#### Data for processing:
+===+
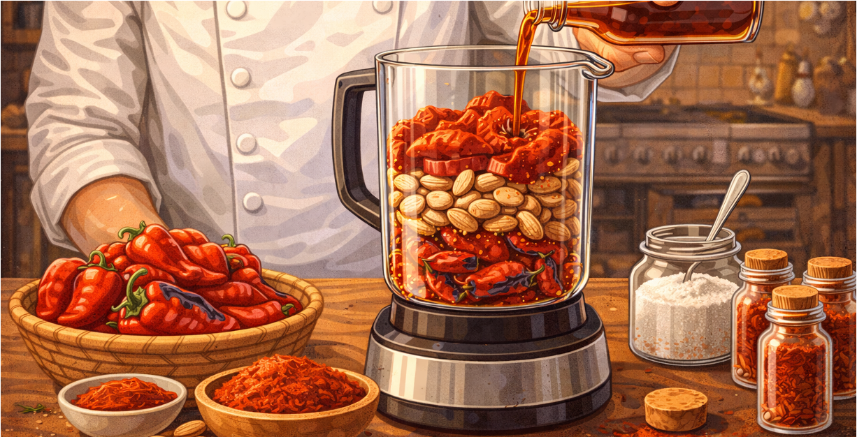Romesco achieves depth through careful layering rather than abundance. For the complex flavors of a traditional romesco sauce, dried ñora or choricero peppers provide sweetness and color, while roasted tomatoes add body and acidity. Almonds or hazelnuts contribute richness and texture, and garlic brings sharpness that cuts through the sauce’s density. Olive oil binds everything together, creating a thick, spoonable consistency. Importantly, vinegar sharpens the final profile, preventing the sauce from becoming heavy. Each ingredient plays a precise role, and removing one disrupts the balance.
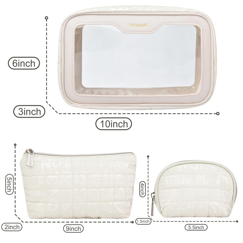 Hiroyuki 3Pieces Clear Makeup Bag Set Large Capacity Cosmetic Bag Large Travel Toiletry Organizer Bag Set Plastic Transparent Cosmetic Bag Wash Bag (white3ps) Spacious Design:This set comes with three different sizes, Large(10×3×6inch) Medium(9×2×5inch) and Small(5.5×1.5×4inch), you can apply them to different usage, to meet your daily diverse needs. follow the TSA 3-1-1 liquids rule, you can easily pass through the security and store your cosmetics organized. This bag is an airplane travel essentials. Large space can easily contain your makeup brushes, sunglass, hair accessories and snacks etc. Quality Materials:Made of high quality pvc and finest linning material, which is practical and breathable, with durable material, it can ensure you to use for a long time. This clear toiletry bag comes with the smooth metal zippers and reinforced sewing to provide long time using, you can carry it in bathroom, car, beach and anywhere you want. Multi-Functional Use: This makeup bag set is perfect for everyday use as organizing cosmetics and skincare products, storing essentials, or packing toiletries for travel. Its lightweight design ensures it fits seamlessly into your suitcase without taking up too much space. Whether you're organizing your beauty essentials at home or packing for a trip, these bags offer versatile storage options for all your needs. Versatile Use: Ideal for travelers, this makeup bag doubles as a toiletry bag, purse, or bathroom organizer, making it perfect for business trips, vacations, and outdoor activities. It also makes an excellent choice as Mother's Day gifts for women 100% Satisfied After-Sales Service--If you have any questions or dissatisfaction with our makeup bag set, please contact our after-sales service Description This on-the-go wet/dry toiletry bag is the perfect reliable companion for traveling and working out. Perfect for use as a travel toiletry bag, shower bag, cosmetic bag, daily necessities bag, etc. Perfect to hold your skincare products, makeup, hair accessories and other accessories, suitable for various occasions such as preppy start, student dorms, bathrooms, weekend trips and so on. Double thickened linning material, frosted transparent surface, large opening, smooth zipper, reinforced stitching, suitable for long time use. Different sizes, support tsa, meet your different needs SHIPPING Domestic Buyers - We have confidence in our products, but if you are not fully satisfied please contact us within 30 days of purchase and you will get full refund. - We ship within 3 business days of payment, usually sooner - We offer FREE shipping on all orders! - We only ship to the lower 48 states, no APO/FPO addresses or PO Boxes allowed International buyers – please note: Import duties, taxes, and charges aren't included in the item price or postage cost. These charges are the buyer's responsibility. - Please check with your country's customs office to determine what these additional costs will be prior to bidding or buying. * Order Cancellation Policy ** You can return a product for up to 30 days from the date you purchased it. 1. The seller reserves the right to cancel the special case only due to eBay cancellation fee. 2. The decision of seller is the final. 3. The seller will respond to the cancellation request within 2 business days. Please wait for the result of cancellation. 4. In case the cancellation is not completed by some reasons, the buyer can follow the options below to get the refund. 4.1 The buyer can reject the item when it arrives. 4.2 The buyer can send the item back to the seller within 30 days If the buyer receives item (USA Shipment ONLY). The seller will provide the FREE return label to the buyer when the buyer opens " Return Item" case on eBay by using the reason as "Change my mind" ONLY. 5. When buyer has placed the order. The order will be processed and completed by automatic warehouse system within 5 minutes. In case that buyer sends the cancellation request after 5 minutes of placing the order, the request will be rejected. **Sending direct message to cancel the order is not allowed for every case.* Return Policy For the return case - If buyer would like to return the items for refund or replacement, please CONTACT SELLER to receive the free return label from seller. The refund or replacement will be processed with the tracking number of return label which is provided by seller only. The other ways of return which are not approved by seller will not be processed for the refund or replacement.
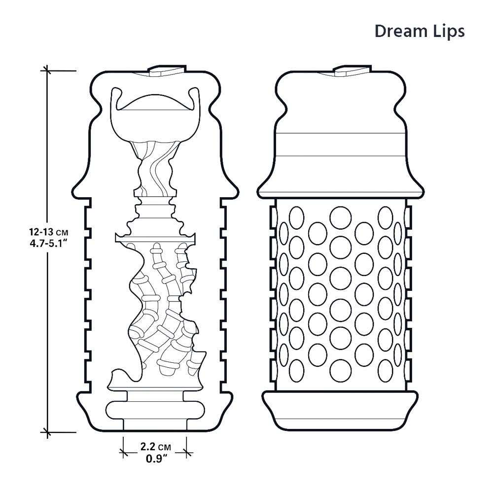 Dream Sleeve Lips: 12 cm–13 cm long, inner Ø 2.2 cm. TPE. TrueGrip Pro Band: total length 29 cm, width 4.5 cm. Adjustable inner Ø 4 cm–7.5 cm. Velcro, spandex, silicone, imitation leather.
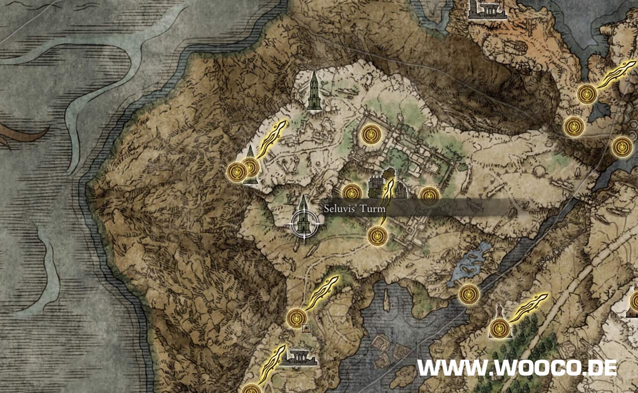 Dieser Turm ist nur Verfügbar wenn ihr die Königliche Ritterin Loretta im Haus Caria besiegt habt. Nachdem ihr sie zu Boden geschickt habt, erhaltet ihr Zugang zu dem Bereich mit den Drei Türmen (Drei Schwestern). Dort findet ihr Rannis Turm und Seluvis Turm.
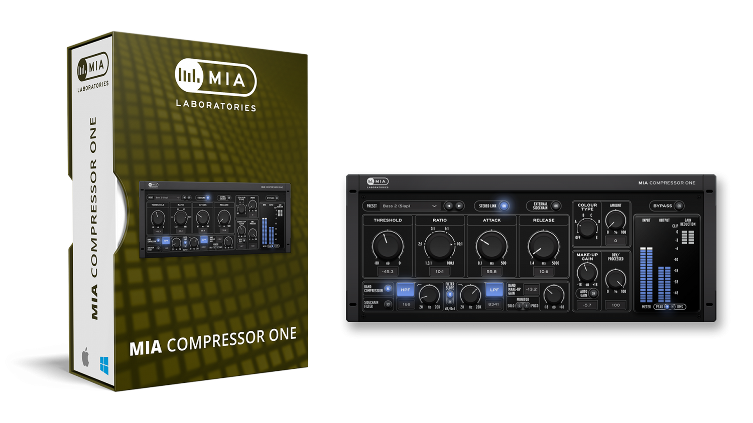 Carefully designed to act like the much esteemed analog compressors of past decades, MIA Compressor One offers the distinctive sound of MIA Laboratories.
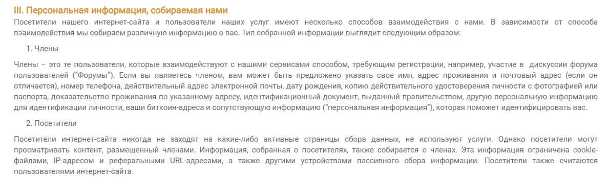 В III разделе идет речь о том, что махинаторы из Аир Бит Клуб собирают широчайший спектр личных данных о своих форекс пользователях. Но поражает тот перечень данных, которые эти шарлатаны хотят заполучить и с какой целью она им вообще нужна. Но страшно за судьбу трейдеров, так как их личная информация будет слита в неизвестные источники.
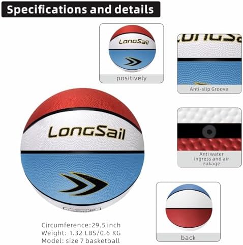 ?【BUID to LAST】 Crafted from premium-grade rubber, this basketball is not only environmentally friendly but also free from any unpleasant odors. Its high-quality construction ensures minimal deformation, color fading, or discoloration. ?【OFFICIAL SIZE】29.5" Size 7 basketballs are ideal for 12+ teenagers and adult men& women players, meeting official game standards. We have also designed women's basketball/ girl's basketball in color schemes, which make ideal Christmas choices. ?【STRICT CHOICE of MATERIAL】Our basketballs are made of premium eco-friendly rubber that resists deformation and fading. Each Longsail basketball undergoes rigorous impact testing to ensure excellent durability. ?【SUPERIOR AIR RETENTION and BOUNCE】With a leak-proof air valve, about 500 denier nylon winding tire, ensuring exceptional air retention, deformation resistance. With impressive bounce performance, they enhance shooting, jumping, and passing crossovers, or delivering precise passes. ?【EXCELLENT GRIP】Featuring a deep groove structure and heightened rib design, our basketball balls offer enhanced ball handling capabilities. This innovative design facilitates easier ball grip, providing superior touch and control.
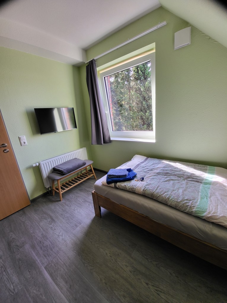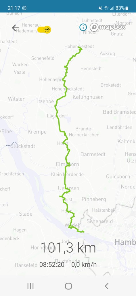 Heute komme ich in einem Gästehaus in Hohenwestedt unter. Es gibt ein Zimmer mit Bett und Schreibtisch, Gemeinschaftsküche und ein Gemeinschaftsbad. Alles sehr geräumig, sauber und adret und das ganze für 35 Euro. Hab mich dann um meine Wäsche gekümmert, geduscht und die Accus geladen und danach noch schnell zu REWE und mir ein Stück saarländische Heimat geholt in Form einer Pizza mit großem W davor. Eine Dose dänischen Bieres ginge auch noch mit und jetzt mach ich mir nen gemütlichen Abend.
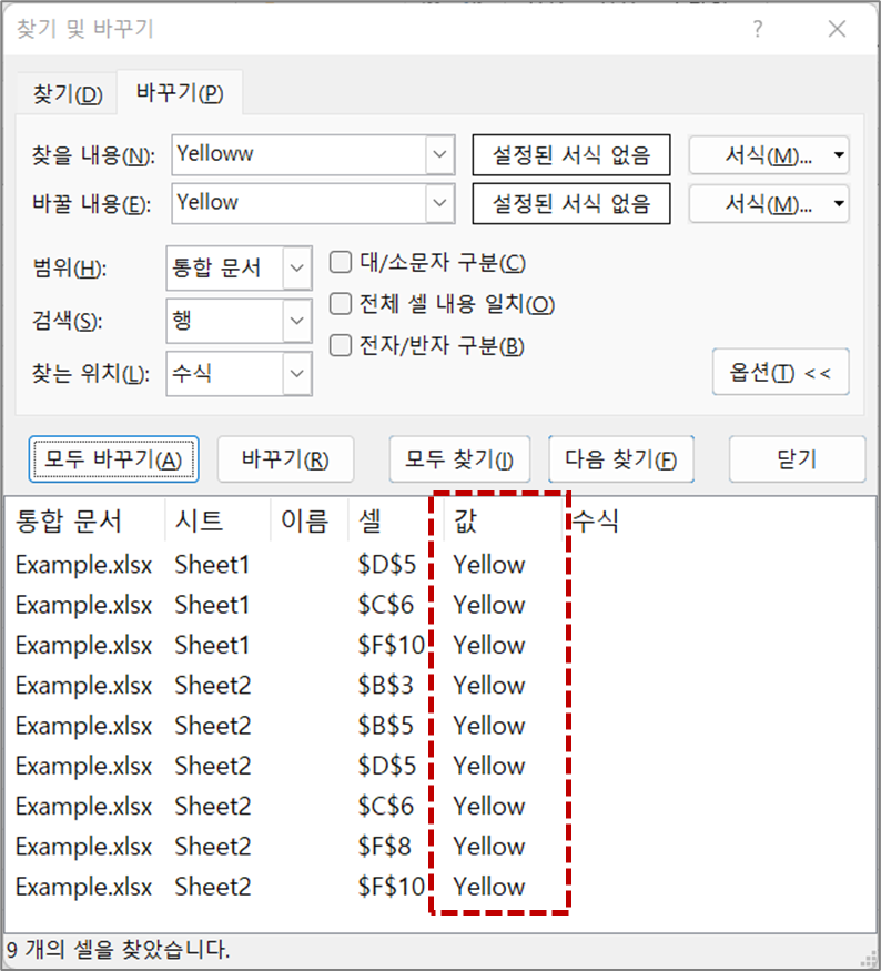 Sheet1 과 Sheet2 를 포함한 문서 전체에서 Yelloww 라는 단어를 찾은 결과를 보여준다. 우리가 이미 알고 있듯이, 총 9개의 Yelloww 오타가 찾아졌다.
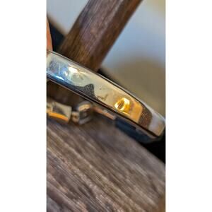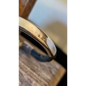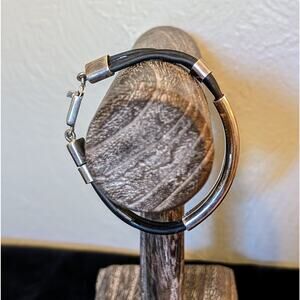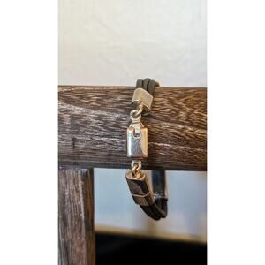 Mexico 925 Sterling Silver Three Cord ID Bracelet w/ Slide In Clasp. Pre-owned, this bracelet has a small dent in the face piece which I have tried to show in the photos, and also both insides of the cords have something like plastic coating where someone might have tried to fix. I would have this restrung on leather cords. I have discounted the price accordingly.
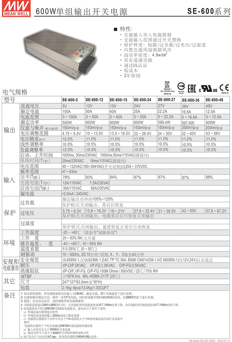 规格型号:SE-600-48
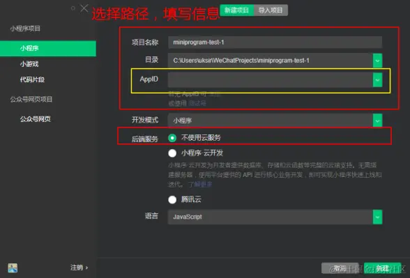 - 新建小程序项目
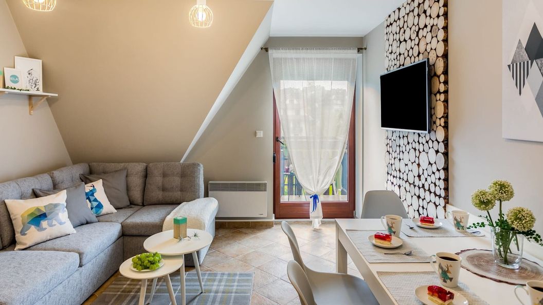 Apartament zlokalizowany jest w malowniczej okolicy Zakopanem, z widokiem na otaczające go góry. Przestronny, przytulny apartament znajduje się w cichej okolicy, na spokojnym osiedlu domów szeregowych, zaledwie 10 minut samochodem od Krupówek - najsłynniejszego deptaka w Polsce, a od dworca PKP/PKS dzieli go tylko 13 minut. Najbliższy przystanek autobusowy oddalony jest zaledwie o 3 minutowy spacer, czyli tyle samo, co sklep spożywczy. Pyszny obiad zjeść możecie w pobliskiej restauracji, do której dojdziecie w 5 minut pieszo.
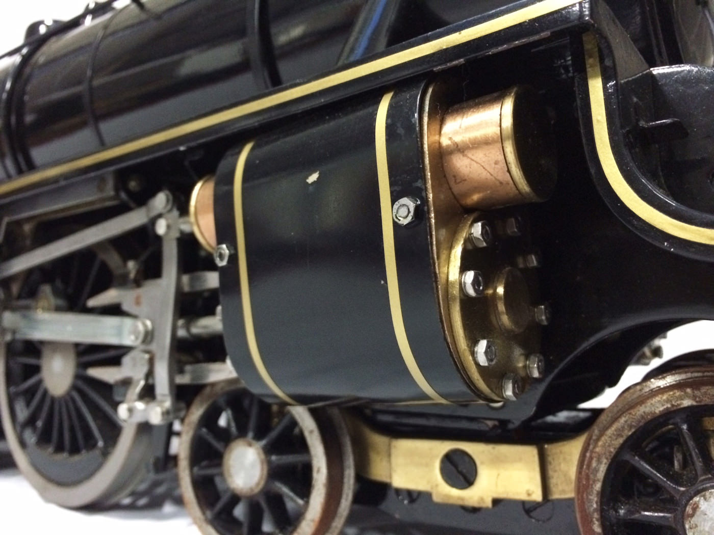 This should be considered a very well on the way part built loco, that, after taking backwards a fraction, to remove all the 'display' detailing, could be brought forward again to completion in fairly short order.  A potentially pretty speedy winter project.
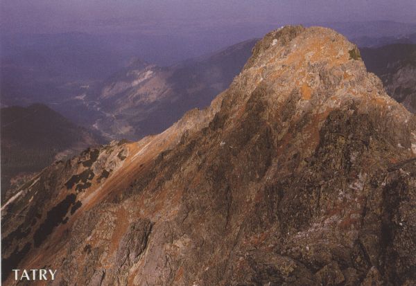 Widok na Żabią Czubę z Rysów. Na dole po lewej stronie napis: TATRY.
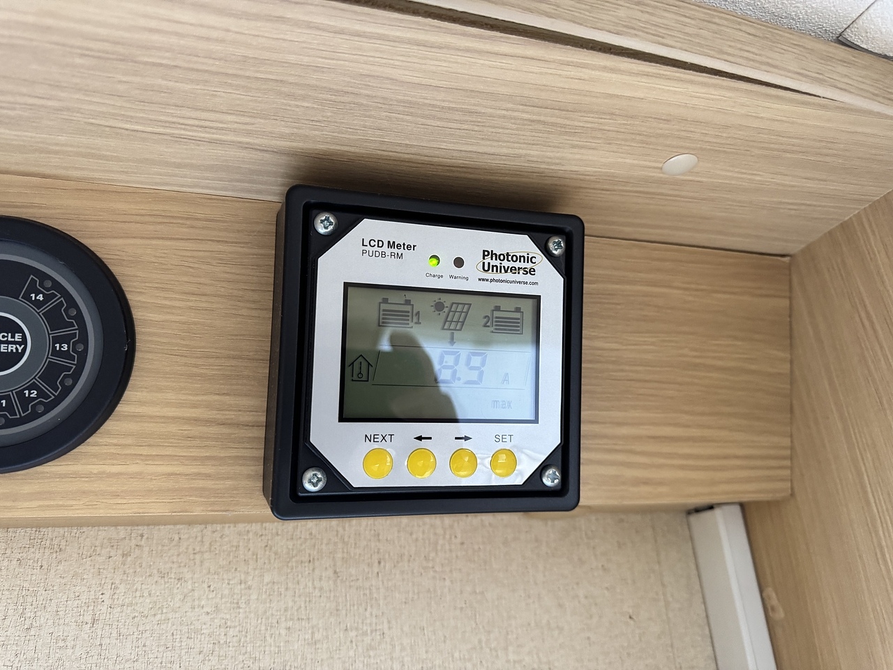 Standard issue master panel with 12V isolation, water pump isolation, tank heater for frost protection, level readings for the water levels and batteries, battery select and habitation lights.
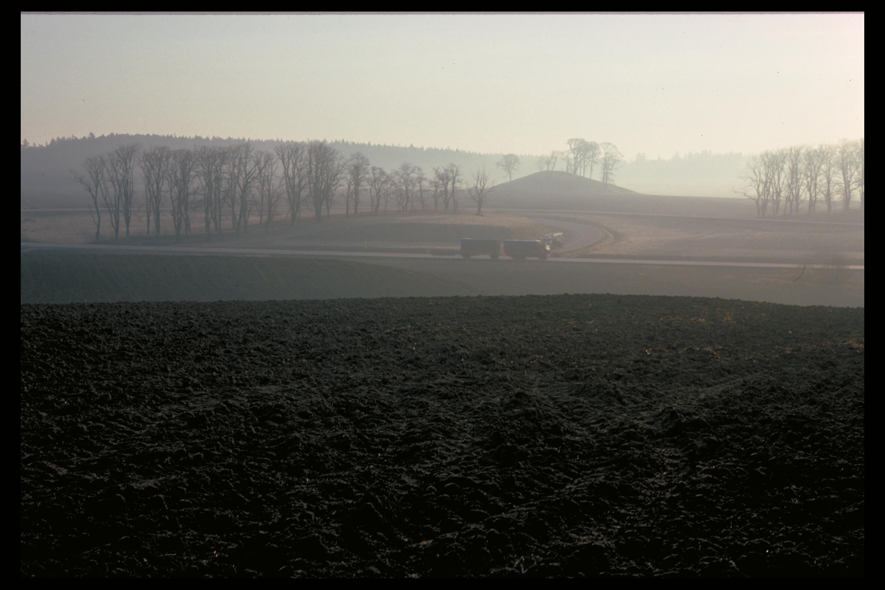 E6:an och gravhögen Ivars kulle i bakgrunden. Bilden troligen från mitten av 1970-talet.
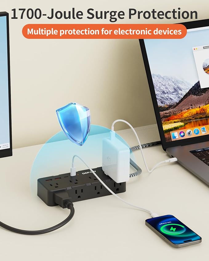 - 【1700J Surge Protection】: Equipped with 1700 joules surge protection, this power strip safeguards your electronics from lightning strikes and power surges, Even if you forget to unplug it when you're out and about, you'll have peace of mind.
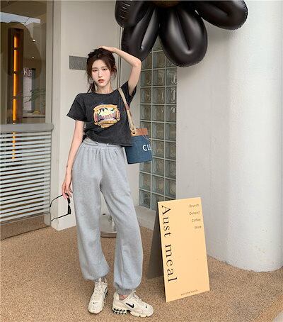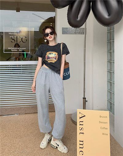 2024 夏 韓国 甘い トップス Tシャツ ラウンドネック 休日 ファッション スリムフィット加工風丈短め ショート カットソー レディース 韓国系 休日 おしゃれ T
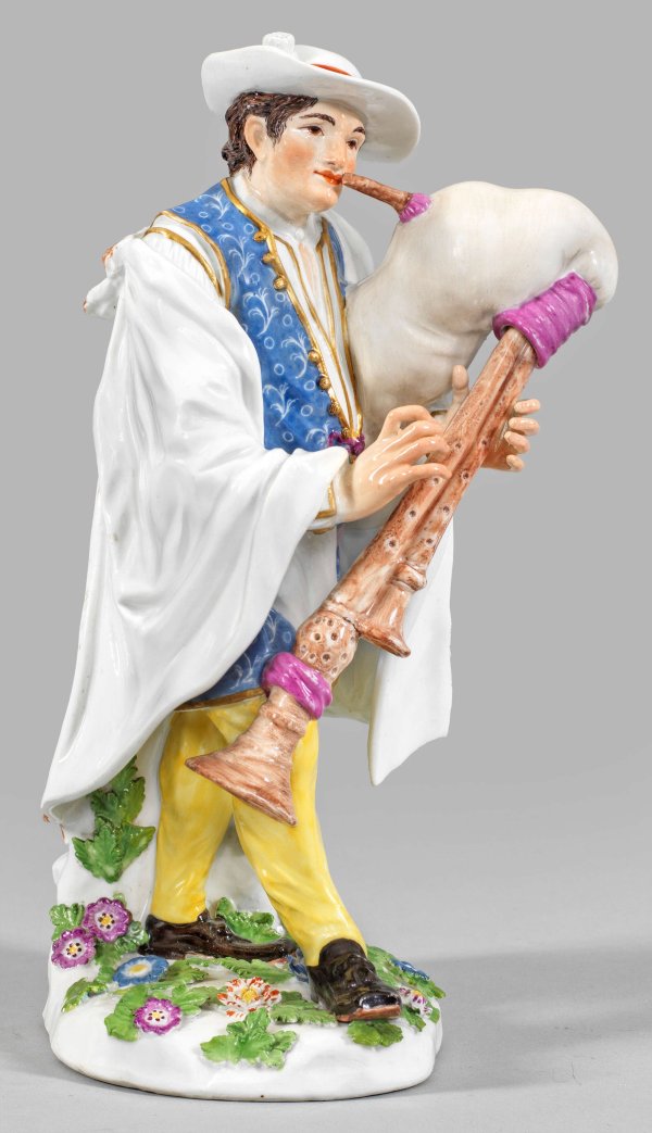 Seltene Figur eines "Savoyardischen Dudelsackspielers" Auf unregelmäßigem, mit plastischen Blüten und Blättern belegtem Sockel stehender, eine große Sackpfeife spielender Musikant aus den Savoyen in weißem Mantel über blauer, blütengemusteter Weste und gelber Hose. Polychrome Malerei mit Goldkonturierung. Entw. Johann Joachim Kaendler/Friedrich Elias Meyer. Unw. rest.; Minim. Brandrisse. Schwertermarke. H. 24 cm.
+===+
#### Exercise goal:
The answer is those lines of the material above that run from the one containing "Widok na Żabią" up to and including the one containing "Standard issue master", restated exactly and without images.

#### The completed task:
 Widok na Żabią Czubę z Rysów. Na dole po lewej stronie napis: TATRY.
 Standard issue master panel with 12V isolation, water pump isolation, tank heater for frost protection, level readings for the water levels and batteries, battery select and habitation lights.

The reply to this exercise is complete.